After some time of chasing and locating
this rulebook I have succeeded. Despite being made in now long gone
2006 and not supported any more by GW, it still an interesting
game. Aeronautica Imperialis have in many ways influenced many of
following “hits” of gaming industry. X-wing is one of them. How
to summarize the overall impression if this game in brief sentence?
Peculiar dogfight.
Lets try to break it down in smaller
points and elaborate on high and low point of this definitely
interesting game.
- Stand alone game.
- Dogfight
- Peculiar details
- Juicy extras and balance
Stand alone game.

Dogfight.
Well... put it this way, Imperium of
Man is dying and backwards, just for the sake of Space Marines being
cool dudes of entire setting. In case of Aeronautica Imperialis this
put an emphasize onto close aerial fighting, without Space marines on a main roles. Instead Imperial players fly with Navy.
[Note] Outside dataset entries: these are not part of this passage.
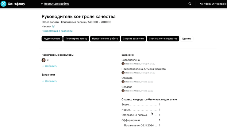 Если вы тоже хотите ускорить подбор, снизить текучесть и улучшить опыт кандидатов — переходите на Хантфлоу. В системе уже есть все необходимое для этого: единый контур согласований, публикация вакансий на джоб-площадки в пару кликов, удобная запись кандидатов на интервью и цифровые офферы.
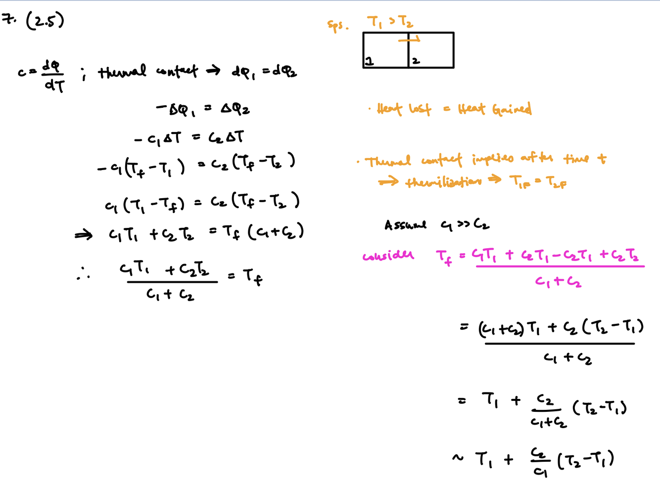 Tf = (C1T1+C2T2)/(C1+C2).
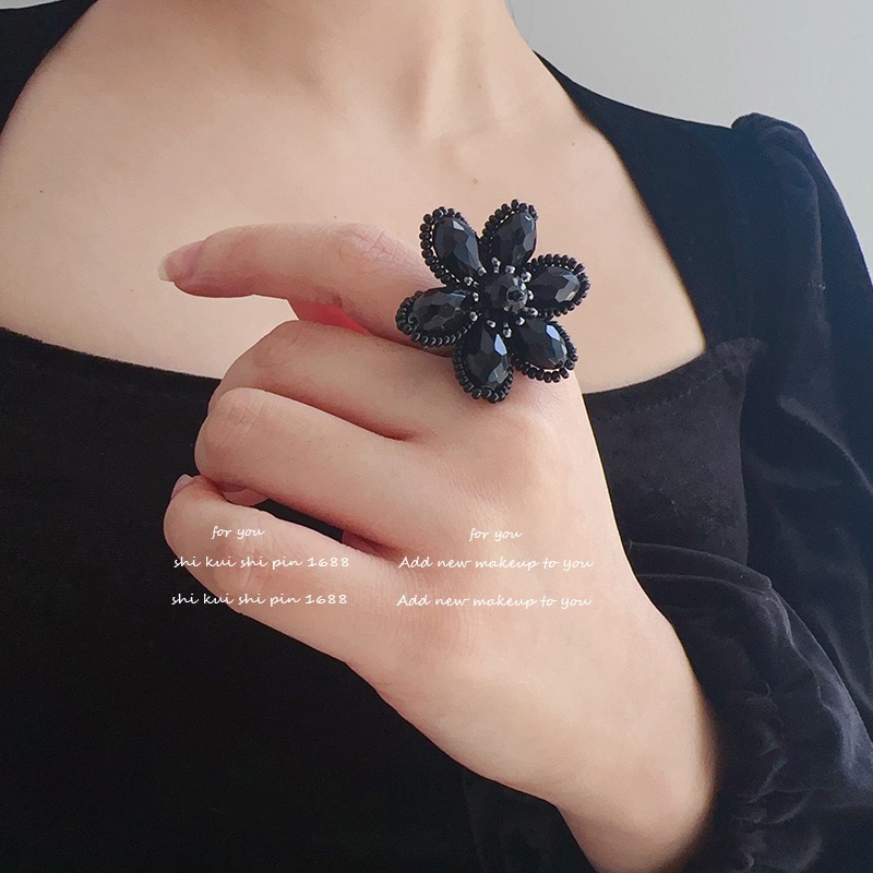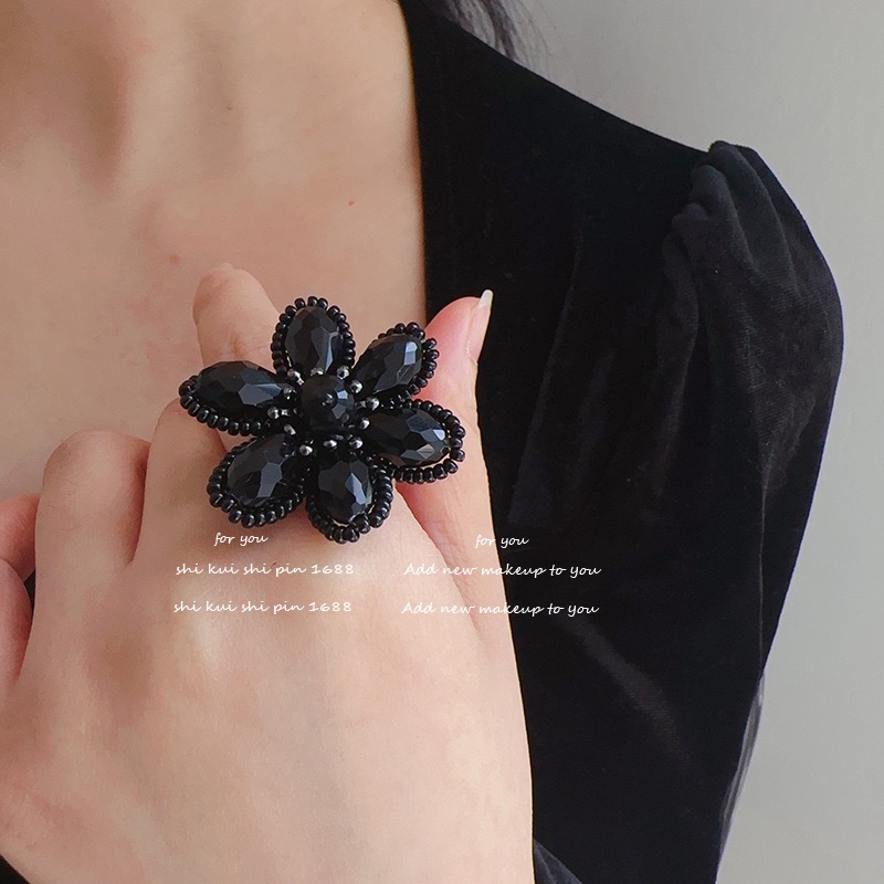 存在感抜群 ブラックフラワー オープン ジュエリー アクセサリー 豊富な品揃え

On a technical side, in time of
Imperium, Thunderbolt fighters can fly to the orbit of the planet but
they have no radar and heat-seeking missiles have less firepower than
autocannon. So pilots main activity is to get on enemy's tail and
pepper it with bullets. All other missions like Bombing raids, troop
insertion, Air patrols are added on top that sweet adrenaline of
“dakka-dakka”.
Peculiar details.
Luckily we were not using advanced
rules, but still some small things like overshooting enemy because
your speed is higher than his, firing loads of shots and not scoring
anything because you needed 6+, hitting but not damaging plane
(similar to roll to wound), makes Aeronautica Imperialis a very
detailed game. This in my opinion is both strong and weak point of
it.
On a strong side: it really delivers a
shot-by-shot dogfight experience.
On the other side: the very complexity
of it slows it down.
Game system written by Games Workshop
veteran Warwick Kindrade is as simple as it gets for a aerial combat
simulator (though book insists that it is not a simulator). But to
make it's gameplay faster and even more easier to grasp and master it
would have to lose many of its detail which make it so rich. For
example 4 vs 4 game of X-wing takes an hour to complete, Axis and
Allies: Wings of Victory is similar in speed.
Juicy extras

Overall
book is high quality hard back with typical Forgeworld glossy paper.
Currently sold together with supplement for 40k games for £30.
Probably while stock lasts. Since GW discontinued its Specialist
games in 2012, this book would be a collectors, not gamers buy. For
now there are much faster and more competitive games on a market. But
of coarse, they are not in Warhammer 40000 universe.